I have been missing from my blog for awhile now.... and I apologize. I have thought a great deal as to what I would say upon my return. I am still not quite sure how to handle my situation on my blog. I have decided to just be very honest.... this blog is a reflection of me. Blogs aren't just supposed to be happy moments... but life moments.
On Saturday, January 5th I delivered a baby girl that I could not bring home. At a routine 4 month doctor appointment in December I was given devastating news... that our baby did not have a heartbeat. Because I have a blood clotting disorder and had been taking blood thinning injections... as well as a history of significant bleeding during deliveries... my doctor told me that I would have to wait 2 weeks before I could deliver. There are no words to describe those 2 weeks at home... waiting, agonizing.

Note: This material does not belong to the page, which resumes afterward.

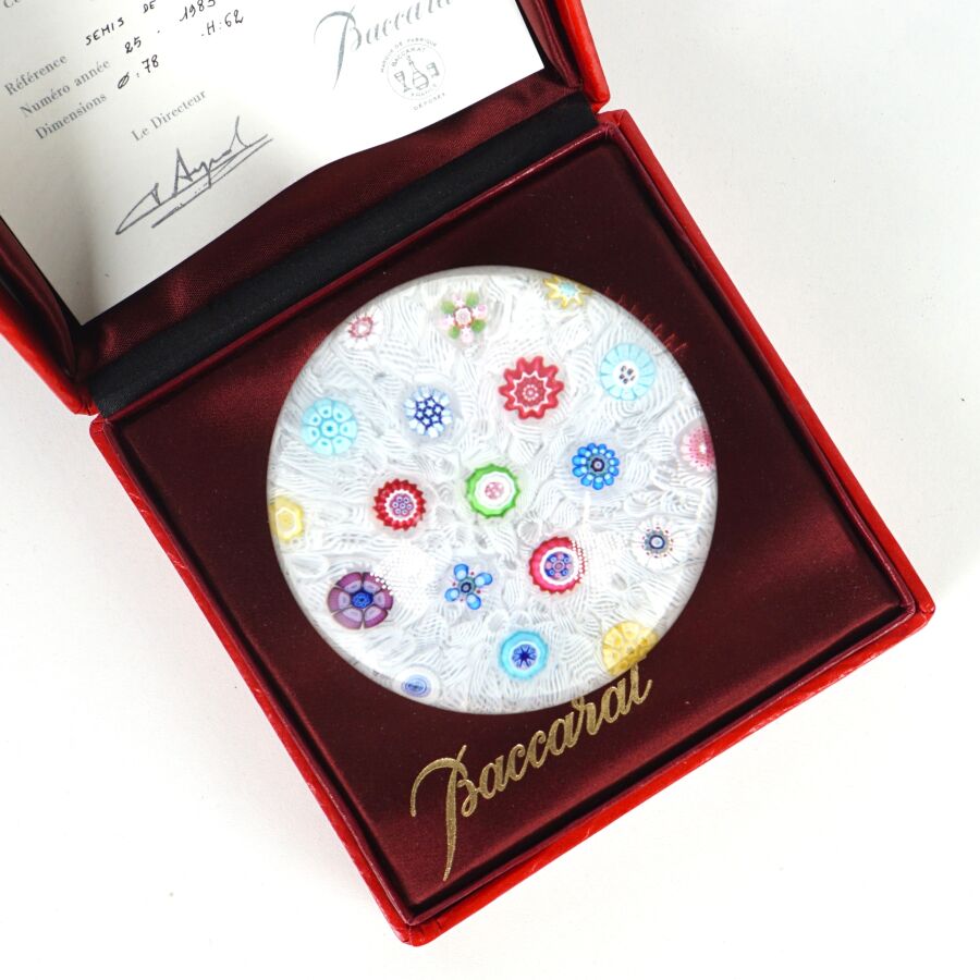 BACCARAT : Presse-papier sulfure "Semis de perles" 1983, numéroté 25 et signé du tampon de la Manufacture dessous, présenté avec son certificat et avec sa boîte d'origine, D. 7.8 cm. H. 6.2 cm.

I was able to see and hold my little girl. We named her Frances Camille DiNello. She is buried where I attend church... right across the street from my school.

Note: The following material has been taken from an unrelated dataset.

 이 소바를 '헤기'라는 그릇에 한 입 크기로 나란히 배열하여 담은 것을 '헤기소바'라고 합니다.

My doctor has placed me on disability for this month and I am thankful for the time to rest, process, etc. I have been trying to stay very busy at home. I have cleaned almost everything (some things twice)... lots of creating TpT projects. Organizing my boys' clothing, putting the DVDs in ABC order.... you get the point.
I am a super private person, but am starting to see the merits of opening up... I am different now.... I am stronger. I am thankful to be surrounded by family and friends. I truly feel loved. Thank you for letting me share... and thanks for sticking around. I promise to be back soon!